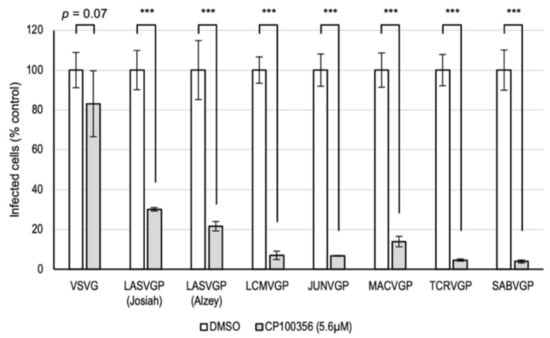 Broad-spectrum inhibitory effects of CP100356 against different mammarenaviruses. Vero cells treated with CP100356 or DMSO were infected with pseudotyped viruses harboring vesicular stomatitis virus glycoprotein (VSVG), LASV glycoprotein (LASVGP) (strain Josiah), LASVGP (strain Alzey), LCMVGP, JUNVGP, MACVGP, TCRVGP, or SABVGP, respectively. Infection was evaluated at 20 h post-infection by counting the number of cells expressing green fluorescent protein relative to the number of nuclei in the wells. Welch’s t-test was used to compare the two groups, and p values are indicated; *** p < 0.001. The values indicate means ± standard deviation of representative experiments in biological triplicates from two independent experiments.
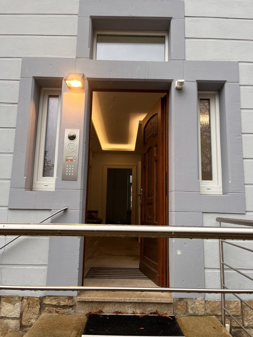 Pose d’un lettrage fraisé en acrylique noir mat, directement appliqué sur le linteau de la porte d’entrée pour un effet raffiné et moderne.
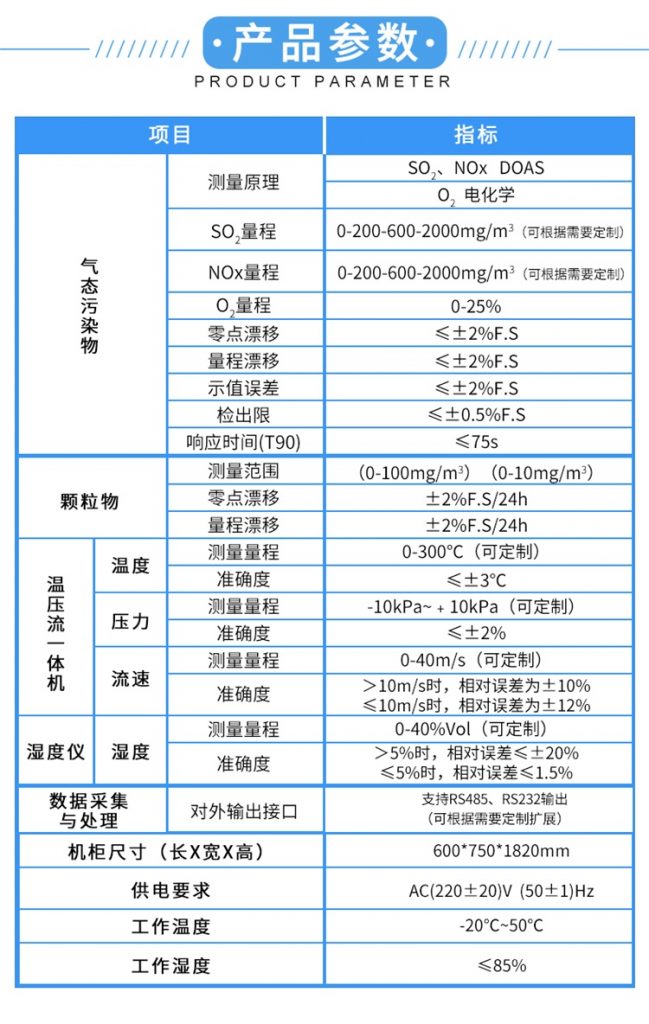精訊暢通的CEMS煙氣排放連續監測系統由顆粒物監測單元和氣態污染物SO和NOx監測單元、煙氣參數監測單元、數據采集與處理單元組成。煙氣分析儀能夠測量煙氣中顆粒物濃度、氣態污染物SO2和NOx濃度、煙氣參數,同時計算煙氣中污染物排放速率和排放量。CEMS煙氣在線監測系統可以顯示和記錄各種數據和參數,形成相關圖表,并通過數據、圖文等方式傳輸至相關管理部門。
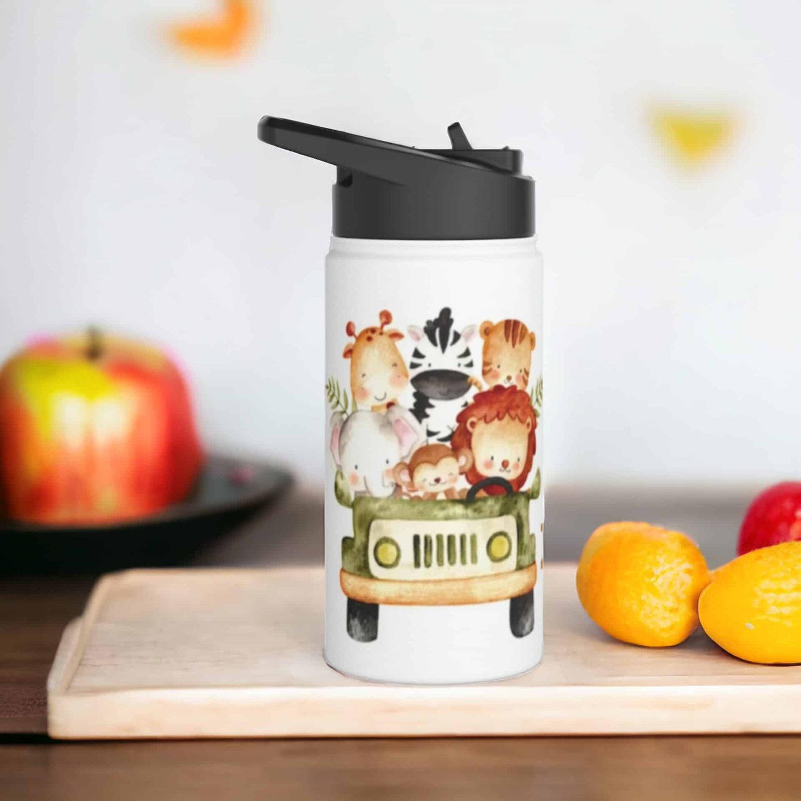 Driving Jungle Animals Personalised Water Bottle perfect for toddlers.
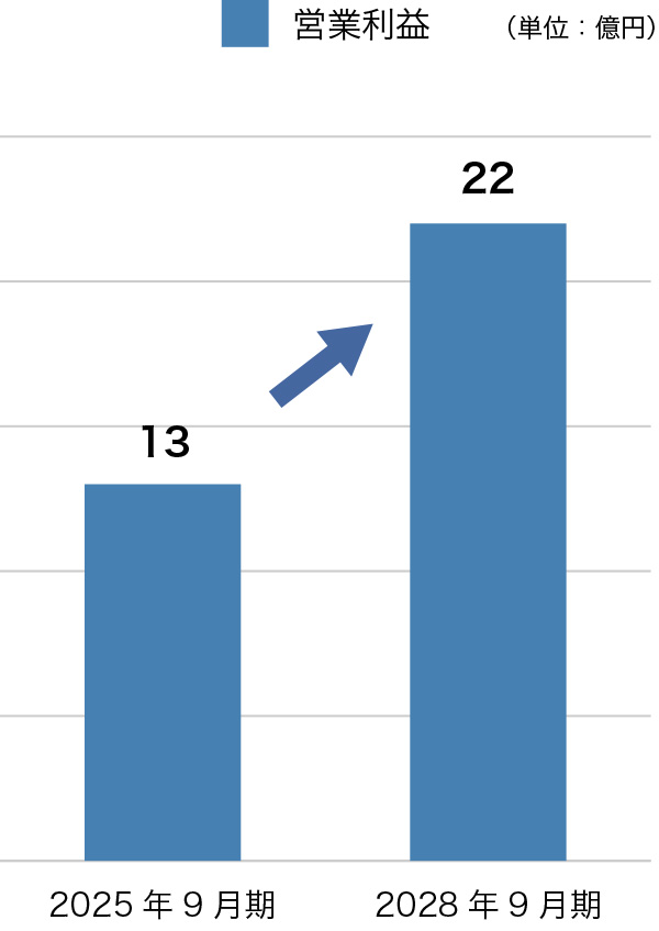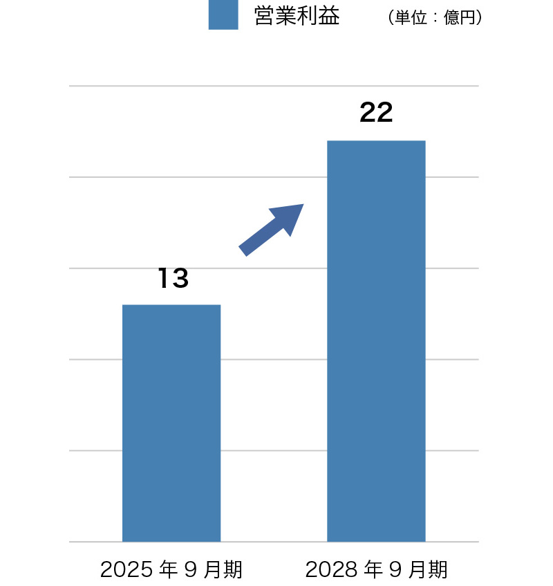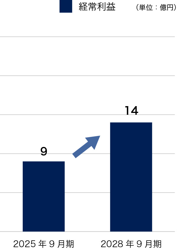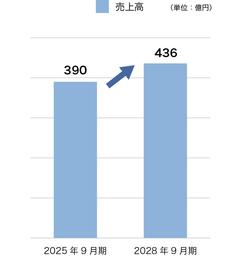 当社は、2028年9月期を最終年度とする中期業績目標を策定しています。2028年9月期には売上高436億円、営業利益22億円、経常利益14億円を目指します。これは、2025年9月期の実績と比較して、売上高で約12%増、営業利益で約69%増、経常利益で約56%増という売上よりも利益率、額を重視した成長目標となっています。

* _YOUR INSTRUCTIONS_: Write out the material above exactly, and omit the pictures it holds.

* _RESULT_:
 Broad-spectrum inhibitory effects of CP100356 against different mammarenaviruses. Vero cells treated with CP100356 or DMSO were infected with pseudotyped viruses harboring vesicular stomatitis virus glycoprotein (VSVG), LASV glycoprotein (LASVGP) (strain Josiah), LASVGP (strain Alzey), LCMVGP, JUNVGP, MACVGP, TCRVGP, or SABVGP, respectively. Infection was evaluated at 20 h post-infection by counting the number of cells expressing green fluorescent protein relative to the number of nuclei in the wells. Welch’s t-test was used to compare the two groups, and p values are indicated; *** p < 0.001. The values indicate means ± standard deviation of representative experiments in biological triplicates from two independent experiments.
 Pose d’un lettrage fraisé en acrylique noir mat, directement appliqué sur le linteau de la porte d’entrée pour un effet raffiné et moderne.
精訊暢通的CEMS煙氣排放連續監測系統由顆粒物監測單元和氣態污染物SO和NOx監測單元、煙氣參數監測單元、數據采集與處理單元組成。煙氣分析儀能夠測量煙氣中顆粒物濃度、氣態污染物SO2和NOx濃度、煙氣參數,同時計算煙氣中污染物排放速率和排放量。CEMS煙氣在線監測系統可以顯示和記錄各種數據和參數,形成相關圖表,并通過數據、圖文等方式傳輸至相關管理部門。
 Driving Jungle Animals Personalised Water Bottle perfect for toddlers.
 当社は、2028年9月期を最終年度とする中期業績目標を策定しています。2028年9月期には売上高436億円、営業利益22億円、経常利益14億円を目指します。これは、2025年9月期の実績と比較して、売上高で約12%増、営業利益で約69%増、経常利益で約56%増という売上よりも利益率、額を重視した成長目標となっています。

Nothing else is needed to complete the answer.